Average response/waiting time for aggregated tasks with Poisson arrival

Suppose there is a specific computation task with Poisson arrival rate $$\lambda$$ that could be aggregated in a way that when a task arrives and triggers a computation which lasts for $$D$$ seconds, if other tasks of the same type arrive while its still in process, they will be aggregated with the first one. In other words, They all receive the response at the same time which is $$D$$ seconds after the first task arrival.

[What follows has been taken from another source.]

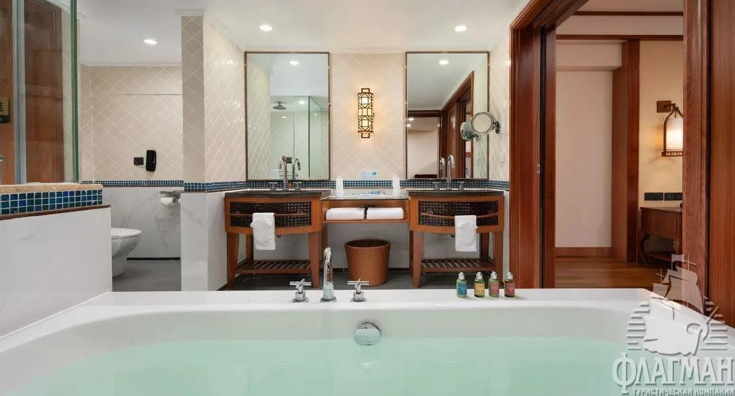 - (area 1)selected deluxe sea view room (на 2-6 этажах, 30-35 кв. м, спальня, кровать King-size или 2 односпальные кровати, ванная комната, балкон, вид на море 30-60 градусов и сад);

I want to find the average response time.

It's been a while that I've been playing with exponential and gamma distributions to find this thing out, but what I've been getting never matches the simulation results that come from omnet++:

-$$D=30$$, $$\lambda=0.2$$ >> 17.14

-$$D=3$$, $$\lambda=2$$ >> 1.71

-$$D=3$$, $$\lambda=1$$ >> 1.87

-$$D=3$$, $$\lambda=0.2$$ >> 2.43

-$$D=3$$, $$\lambda=10$$ >> 1.55

-$$D=3$$, $$\lambda=100$$ >> 1.504788

-$$D=30$$, $$\lambda=10$$ >> 15.04788

Two things are clear from these results:

1. $$\lambda$$ decreases the result
2. The result is heavily dependent on $$\lambda*D$$ (see first and second for example)

Does anyone have any suggestions?

UPDATE:

user "Did" has posted a response for a similar problem here: Link

He considers the mean waiting time of every other passenger except the first one to be $$t/2$$ or $$D/2$$ for my problem. I'm not sure where it came from but it seems that it considers $$\lambda->\infty$$ which makes sense when I compare it to my simulations results that become closer with bigger $$\lambda$$.

>>My focus is on small $$\lambda$$s.<<

This is what he suggested:

$$w_t=E\left(\frac{t+\frac12tN_t}{1+N_t}\right)=\frac12t\left(1+E\left(\frac1{1+N_t}\right)\right)=\frac12t\left(1+\frac{1-e^{-\lambda t}}{\lambda t}\right)$$